Véronique Montémont

Journaux de femmes sous l’Occupation

Philippe Lejeune, qui s’intéresse de longue date aux journaux personnels, notamment féminins, a entrepris de dresser une liste de journaux de femmes tenus sous l’Occupation, laquelle liste a été présentée pour la première fois en 2009 lors d’un colloque à Besançon. Ce premier inventaire, complété depuis (www.autopacte.org), a permis au chercheur de répertorier quelque quatre-vingt dix textes, publiés ou déposés à l’Association pour l’Autobiographie. Ph.
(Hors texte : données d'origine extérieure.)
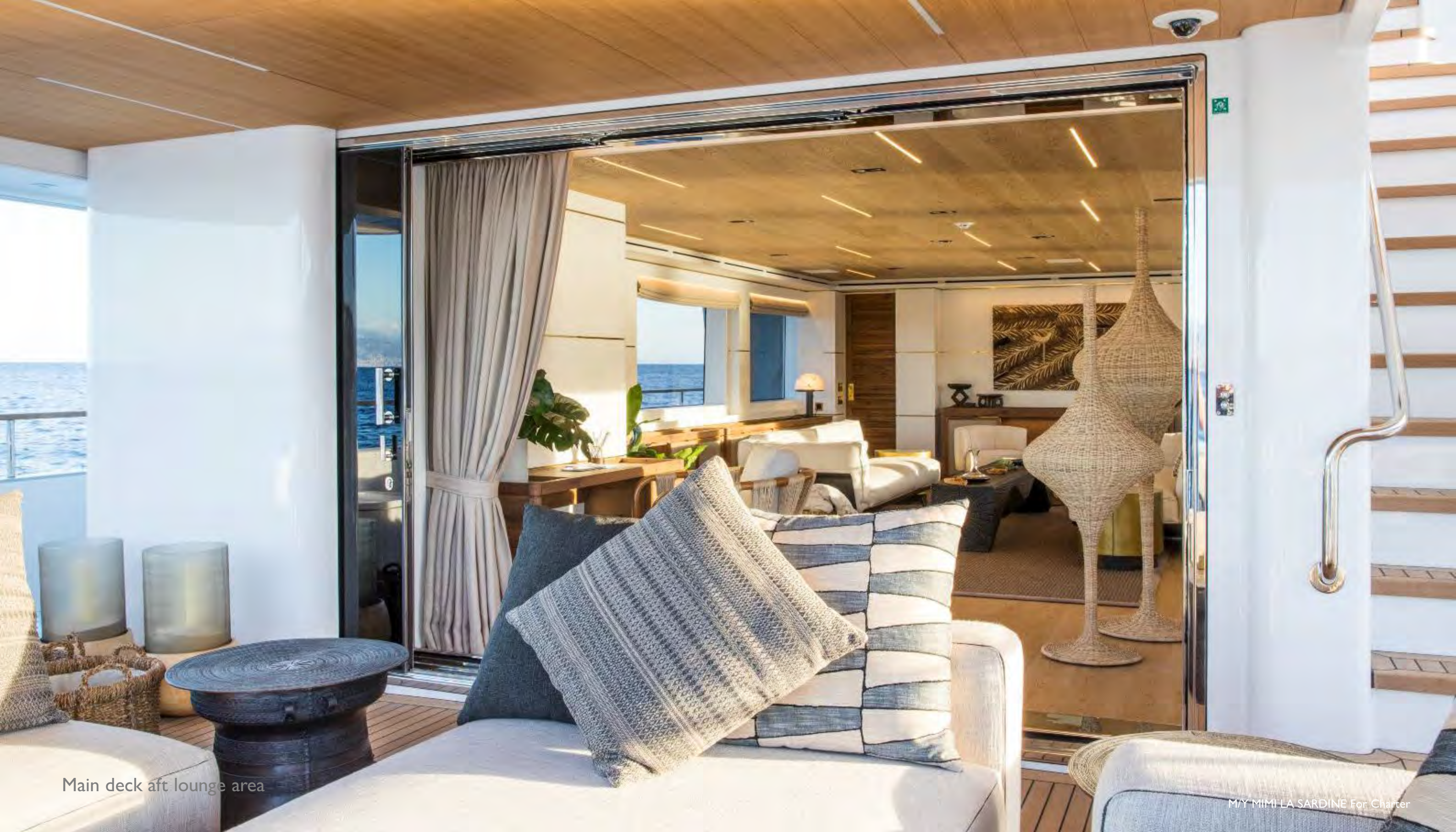
Main deck aft lounge area

Lejeune avait en effet été frappé par le fait que l’anthologie publiée par Guillaume Piketty (Français en Résistance, Paris, Robert Laffont, Bouquins, 2009) « se décline presque entièrement au masculin ».

Les journaux, et particulièrement ceux de guerre, ont un statut tout à fait particulier, entre littérature et écriture ordinaire, œuvre et pratique sociologique. Certains textes, comme celui de Denise Domenach (Demain il fera beau, Permezel, 2001) ou de Liliane Schroeder (Journal d’occupation. Paris, 1940-1944, François-Xavier de Guibert, 2000), sont des témoignages pris sur le vif, publiés vingt, quarante ou cinquante ans après, sous la pression amicale des amis, de la famille ou de cercles historiques, qui revendiquent une absolue fidélité à l’original. D’autres, comme le Journal à quatre mains (Denoël, 1962), de Benoîte et Flora Groult, ont été publiés sous une forme littérarisée, voire romance, ou encore ont été peu ou prou récrits, voire amendés par un tiers éditeur, tel le journal de Micheline Bood, Les Années doubles (Robert Laffont, 1974). D’autres enfin n’ont pu voir le jour qu’à titre posthume, comme le remarquable Journal d’Hélène Berr (Tallandier, 2008). Cet exposé présentera donc les trois vagues de publication successives de ces textes tout en détaillant la genèse éditoriale de certains d’entre eux, notamment grâce à l’examen de leurs paratextes.

Véronique Montémont est maître de conférences à l’université de Lorraine et ancien membre junior de l’Institut Universitaire de France. Spécialiste des écrits autobiographiques, elle est membre du comité de rédaction de la revue La Faute à Rousseau. Elle dirige également la base de données Frantext (ATILF, Nancy) et a co-animé, avec Sylvie Lannegrand, un programme Ulysses consacré aux visages du conflit dans le journal personnel. Elle a codirigé avec Catherine Viollet Le moi et ses modèles (Academia-Brylant, 2009) et Archives familiales : modes d’emploi (Academia-L’Harmattan, 2011).